もっとも自他共に認める「親米保守派」の読売グループが、漂流する自民党に「代わって」、とりわけ「日米同盟」堅持の立場で新政権を批判するのは、当然と言えば当然だ。しかしかつて自民党政権への厳しい批判を「売り」にしていた朝日新聞とテレビ朝日が他紙とほとんど同じレベルで新政権を批判するのは、マスメディアもその一翼を担った55年体制の名残を強く印象づけるのである。
ひとつの典型が、日本郵政の新社長に旧大蔵省の元事務次官・齊藤次郎氏を起用したことを「脱官僚依存という公約に違反する」だの「大物官僚の天下り人事」だのと批判していることだ。読売も産経も同様の批判を展開しているのだから、まさに「反官僚」という大衆受けする報道での「横並び」と「相乗り」である。自民党政権時代は、この批判はそれなりに当を得ていたが、細川政権で小沢幹事長(当時)の片腕として働いたことがアダとなって、自民党政権下では「冷や飯食い」の閑職に追いやられていた元官僚の起用を、官僚依存だとか天下りだと批判するのは、素人目にも難癖としか映るまい。
だいたい「脱官僚依存」は、政権党と官僚機構の「密室談合」や馴れ合いを排除して政策立案の透明性を高めるということであり、個々の官僚や政治家の出自や経歴の問題などではなく、官僚機構と政権党の関係をどうするかという問題である。天下りの禁止も特定の企業や業界と官僚機構の癒着を断ち切り、官僚機構の恣意的な優遇政策や事業発注を改めようということで、高級官僚経験者をあらゆる行政ポストから排除することではないだろう。こんな区別さえ判らないとすれば、マスメディアもこの密室談合や癒着という55年体制に取り込まれていたと自白しているようなものだ。
もちろん少しうがった見方をすれば、自民党で小沢や齊藤と熾烈な権力闘争をしてきた亀井郵政・金融担当相が、その宿敵を重要ポストに抜擢したのは「影の権力・小沢」の意を汲んでのことだといった「裏事情を推測した」論評かもしれない。事実、小沢と鳩山の「二重権力」報道は、マスメディアの好餌となっている。だがここにも、政治といえば政局すなわち権力闘争であり、しかも「政権党内部の権力争い」にあるという、実に55年体制的な発想の名残がある。

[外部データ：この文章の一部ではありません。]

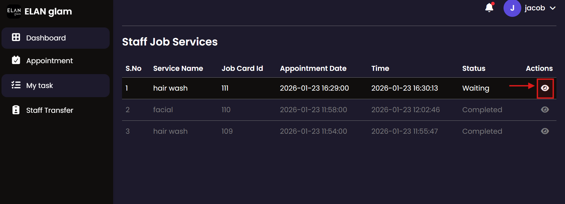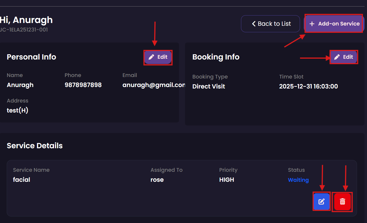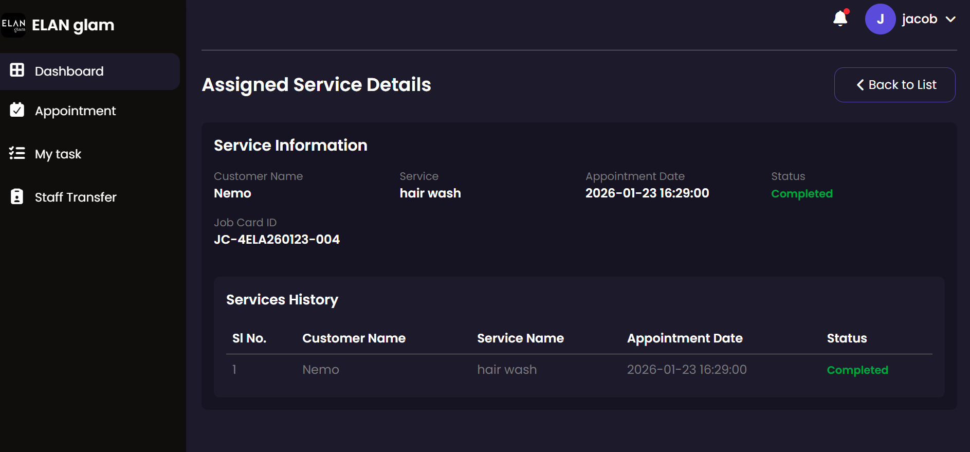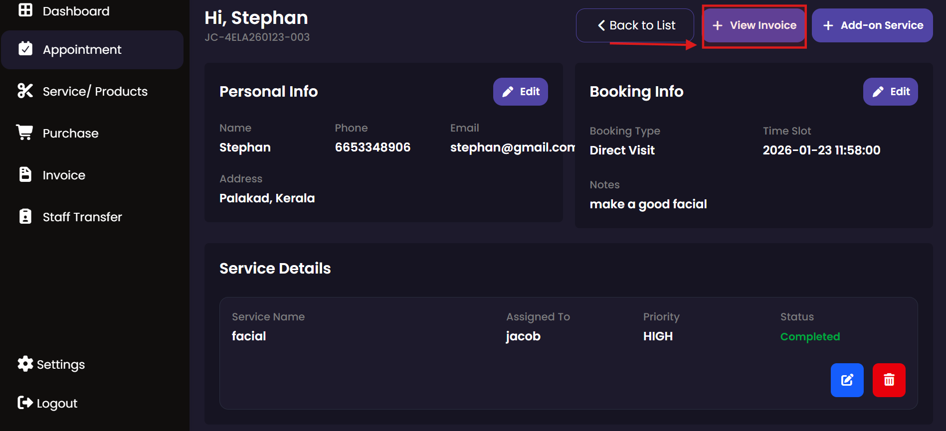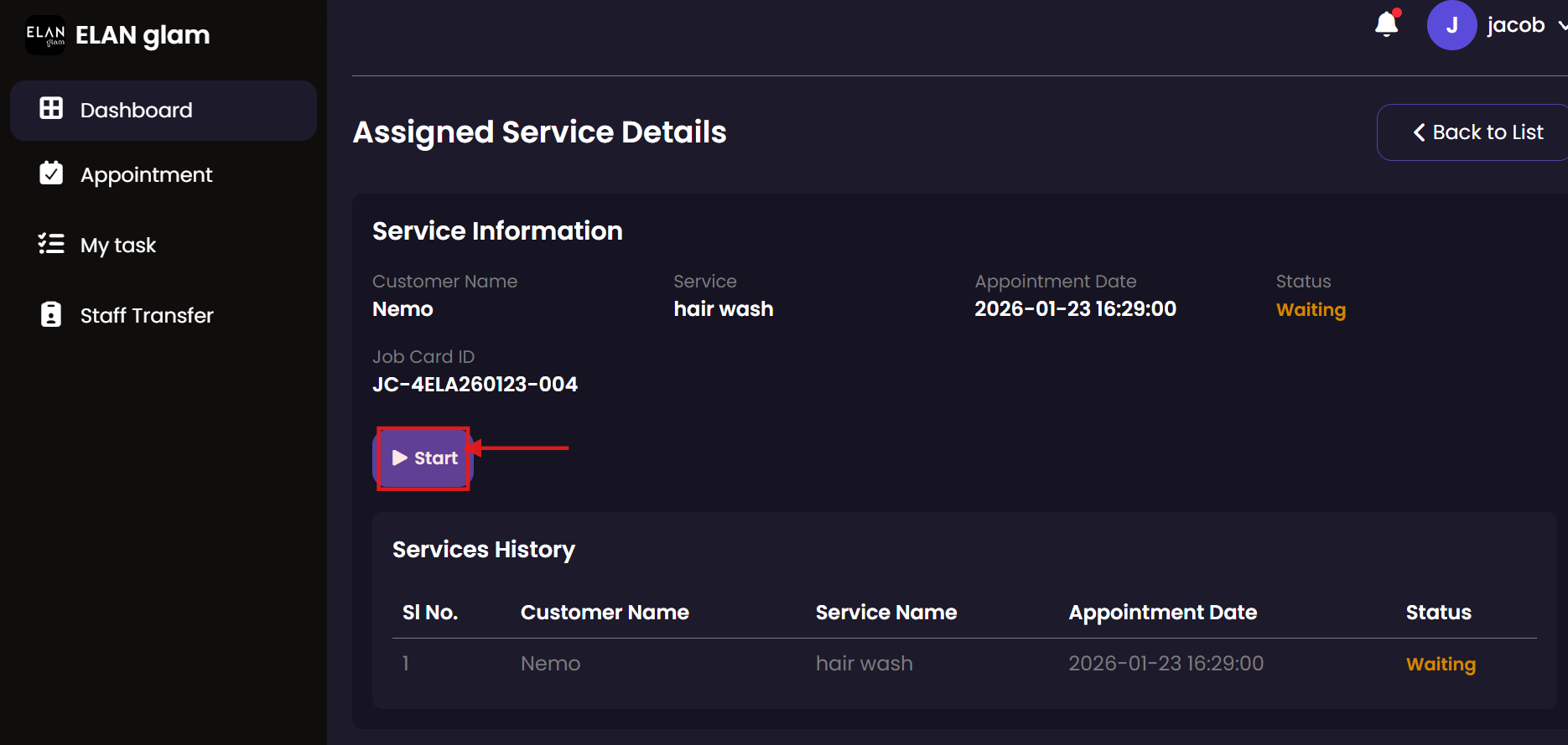 Manage your daily service tasks from start to finish. This module allows service staff to see assigned bookings, record the commencement of a service, and log the completion once the customer has been served.

自民党が永遠の政権党であることが前提であれば、政治理念や政策の妥当性をめぐる闘争は「自民党内の闘争」として現れ、それは派閥など自民党の政治文化や人的関係を基盤にした「政局」として展開するだろう。「だから民主党も・・・」の発想なのだ。
長らく政権交代可能な二大政党制を論じてきたマスメディアが、それが実現した今も発想は55年体制のままでは、むしろこちらが恥ずかしくなるというものだ。